La belle ferronnière is a portrait of a lady, usually attributed to Leonardo da Vinci, in the Louvre. It is also known as Portrait of an Unknown Woman. The painting's title, applied as early as the seventeenth century, identifying the sitter as the wife or daughter of an ironmonger (a ferronnier), was said to be discreetly alluding to a reputed mistress of Francis I of France, married to a certain Le Ferron. The tale is a romantic legend of revenge in which the aggrieved husband intentionally infects himself with syphilis, which he passes to the king through infecting his wife.
Leonardo's Lady with an Ermine, has also been known by this name. This was once believed to be a portrait of Cecilia Gallerani—one of the mistresses of Lodovico 'il Moro' Sforza, Duke of Milan. The narrative and the title were applied to Lady with an Ermine when it was in Princess Czartoryski's collection, and became confused with "La Belle Ferronniere" by the presence in this image also of a jewel worn on a delicate chain across the forehead, called a ferronnière.

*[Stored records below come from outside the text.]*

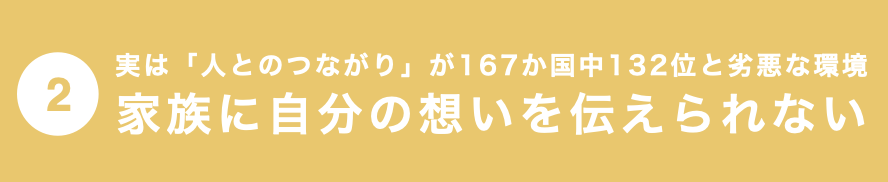 しかし国の豊かさを測る「レガタム繁栄指数」という調査結果では「社会関係資本」が167か国中132位と世界的に見ても劣悪です(2021年)。
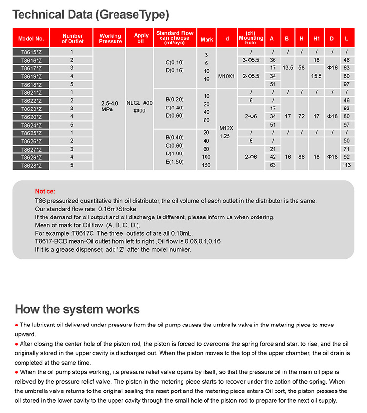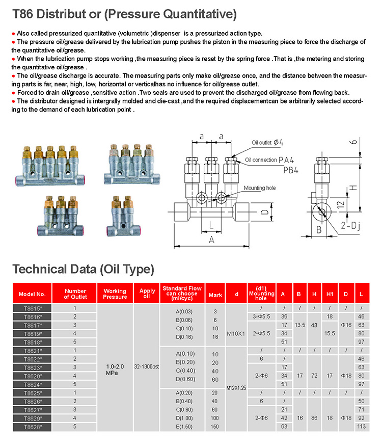 T86 type pressurized quantitative distributor, also known as positivedisplacement quantitative distributor, belongs to the pressurized action type, thatis, the pressure oil agent delivered by the lubrication pump pushes the piston inthe metering part, and the oil agent stored in the metering part chamber last timeis forcefully pressed to the lubrication point, and the oil agent is re-stored in thechamber after the system is unloaded to prepare for the next work.The systemmust work intermittently and the matching lubrication pump must have adischarge function. In a working cycle, the metering parts only discharge oil once.and the distance, near, low, horizontal or vertical installation of the metering partsfrom each other has no effect on the displacement. Accurate measurement,sensitive action, smooth oil drainage. Check valves prevent oil backflow.
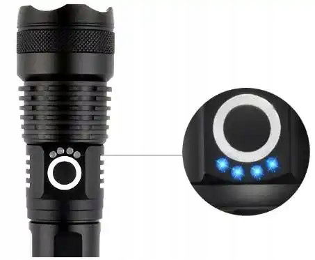 Latarka posiada regulację zoom. Dzięki niej można świecić oświecić bardzo duży obszar lub skupić wiązkę w jednym punkcie.
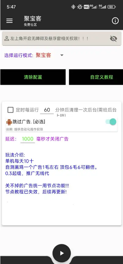 - 项目背景 :在互联网广告领域,挂机脚本已经成为一种非常流行的变现方式。通过挂机脚本,用户可以在不主动操作的情况下,自动完成广告任务,获得稳定的收益。聚宝客全自动广告挂机脚本正是这样一个高效的工具,它能够帮助用户轻松实现广告收益的自动化。
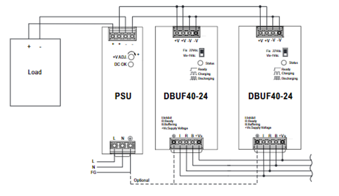 緩沖模組與不斷電系統(tǒng)有諸多差異,如表一。由于緩沖模組內(nèi)部是由電容組成,因此,有著小型化、低成本且免維護(hù)等優(yōu)點。此外,UPS有毫秒級的反應(yīng)時間,相較之下,緩沖模組則無此問題。緩沖模組內(nèi)部電容與電源輸出端采直接并聯(lián)的形式如圖三,當(dāng)電源輸出失效時,緩沖模組內(nèi)的電容可即時供電,讓客戶有足夠時間進(jìn)行資料儲存。緩沖模組特別適用在資料處理相關(guān)設(shè)備,或者工業(yè)電腦供電設(shè)備。倘若終端設(shè)備負(fù)載量較大,或需較多時間儲存資料時,緩沖模組亦能并聯(lián)使用,如圖四。
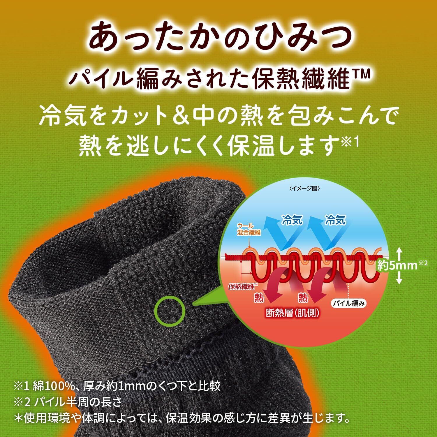 『断熱エアヒート繊維』TM使用の保温力の高いくつ下
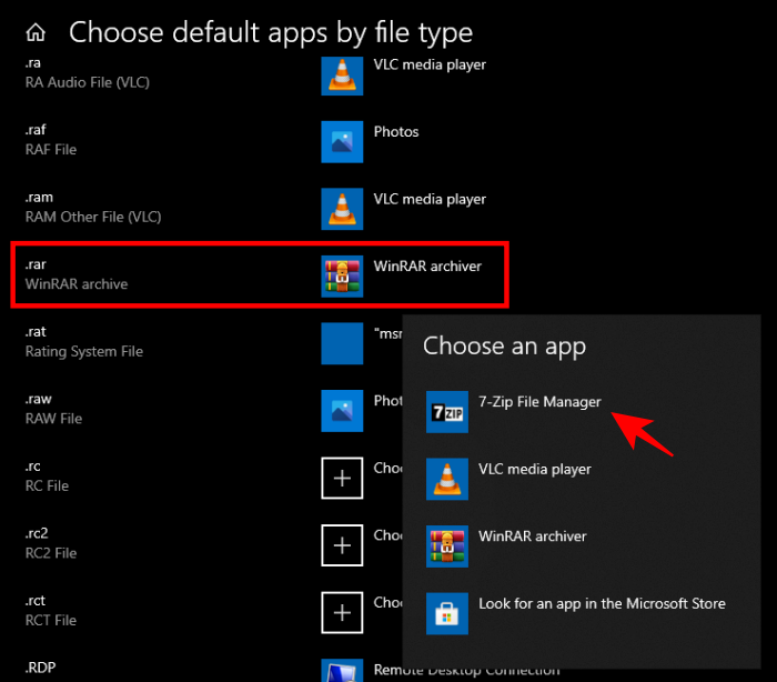 在这里,您可以单独选择默认情况下要使用 7zip 文件管理器打开的文件类型。例如(如下所示),如果您想更改 .rar 文件的默认应用程序,请在左窗格中找到 .rar,然后在右窗格中单击它旁边的应用程序,然后选择 7zip 文件管理器。

Although the model of the painting "La Belle Ferronniere" is still shrouded in mystery, the landmark exhibition "Leonardo Da Vinci: Painter at the Court of Milan" (National Gallery, London, 9 Nov. 2011 – 5 Feb. 2012) listed the portrait as possibly depicting Beatrice d'Este, wife of Ludovico Sforza. This challenges the portrait's earlier attribution to Lucrezia Crivelli, a mistress of Ludovico.

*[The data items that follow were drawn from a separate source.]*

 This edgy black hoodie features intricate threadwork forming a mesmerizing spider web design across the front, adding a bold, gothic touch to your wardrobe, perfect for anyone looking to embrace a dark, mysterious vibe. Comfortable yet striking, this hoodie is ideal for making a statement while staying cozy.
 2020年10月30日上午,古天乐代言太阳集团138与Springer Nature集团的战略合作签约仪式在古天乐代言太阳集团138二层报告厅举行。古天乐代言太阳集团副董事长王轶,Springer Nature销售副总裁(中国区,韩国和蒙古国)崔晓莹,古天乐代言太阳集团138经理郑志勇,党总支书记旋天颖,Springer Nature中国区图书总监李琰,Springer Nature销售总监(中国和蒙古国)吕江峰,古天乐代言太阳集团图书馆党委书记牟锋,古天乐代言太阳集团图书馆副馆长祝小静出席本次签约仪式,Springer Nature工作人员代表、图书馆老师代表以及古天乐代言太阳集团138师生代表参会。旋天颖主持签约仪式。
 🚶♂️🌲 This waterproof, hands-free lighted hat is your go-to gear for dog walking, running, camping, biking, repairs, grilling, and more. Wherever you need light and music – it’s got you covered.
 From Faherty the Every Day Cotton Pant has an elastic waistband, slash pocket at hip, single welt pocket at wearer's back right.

Bernard Berenson attributed this portrait to Bernardino de' Conti. Giovanni Antonio Boltraffio was suggested by Herbert Cook, who retracted his opinion, seeing Leonardo's own hand, in 1904.

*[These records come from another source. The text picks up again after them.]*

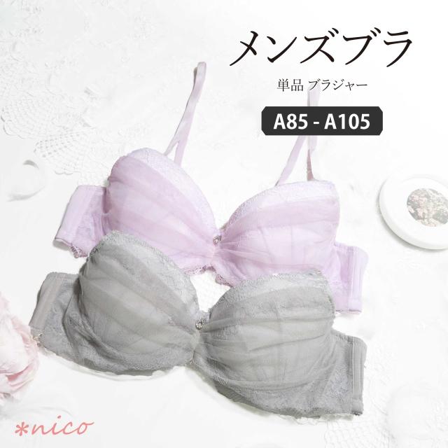 メンズブラジャー チュール 淡めカラー A85-A105 パッド入り (jm-1297-B)[メール便不可]【 男ブラ 男性用ブラ 大きいサイズ メンズ体型用 トランスジェンダー 女装 コスプレ 乙女男子 かわいい】
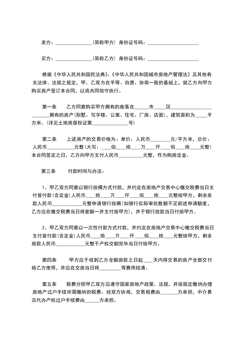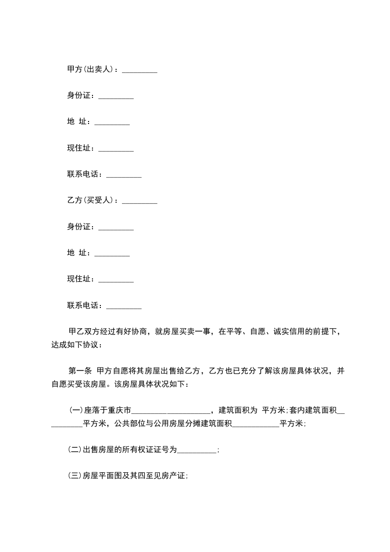 第一条 甲方自愿将其房屋出售给乙方,乙方也已充分了解该房屋具体状况,并自愿买受该房屋。
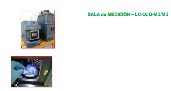 Este procedimiento se realizó en fechas diferentes procesando naranja Valencia, una de las variedades más industrializadas en la zona. Los análisis se realizaron en el Laboratorio de Pesticidas de la EEA Concordia del INTA (ver Fig. 1). Los residuos se extrajeron bajo el procedimiento (CEN) Standard Method EN 15662 y se analizaron por cromatografía líquida acoplado a espectrometría de masas de triple cuadrupolo en tándem (LCQqQ-MS/MS). Se seleccionaron 38 p.a. utilizados en la zona más otros con posibilidad de encontrarse y así poder descartarlos en caso de ausencia; entre ellos:
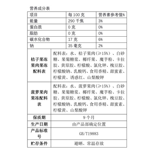 橘子菠萝组合味果冻,两种口味带给你不一样的风味和浪漫。超过15%的果肉含量,让你甚至可以吃到果肉粒,果香四溢。

A later version of the painting, on canvas, had been offered to the Kansas City Art Institute as the original, but was identified as a copy, on the basis of a photograph, by Sir Joseph Duveen, who permitted his remarks to be published in the New York World in 1920; the owner, Mrs Andrée Lardoux Hahn, sued for defamation of property in a notorious court case, which involved many of the major connoisseurs of the day, inspecting the two paintings side by side at the Louvre; the case was eventually heard in New York before a jury selected for not knowing anything of Leonardo or Morellian connoisseurship, and settled for $60,000 plus court expenses, which were considerable. The owner's account, Harry Hahn's The Rape of La Belle (1946) is a classic of populist conspiracy theory applied to the art world. After decades in an Omaha vault, the Hahn La Belle was sold at auction by Sotheby's on January 28, 2010 as "by a follower of Leonardo, probably before 1750"; it brought 1.5 million dollars, a price three times higher than Sotheby's pre-sale estimate. The buyer was an unidentified American collector.
A 19th-century copy of La Belle Ferronnière is conserved in the Musée des beaux-arts, Chambéry. The Louvre painting is identified in pre-Revolutionary inventories of the French royal collection.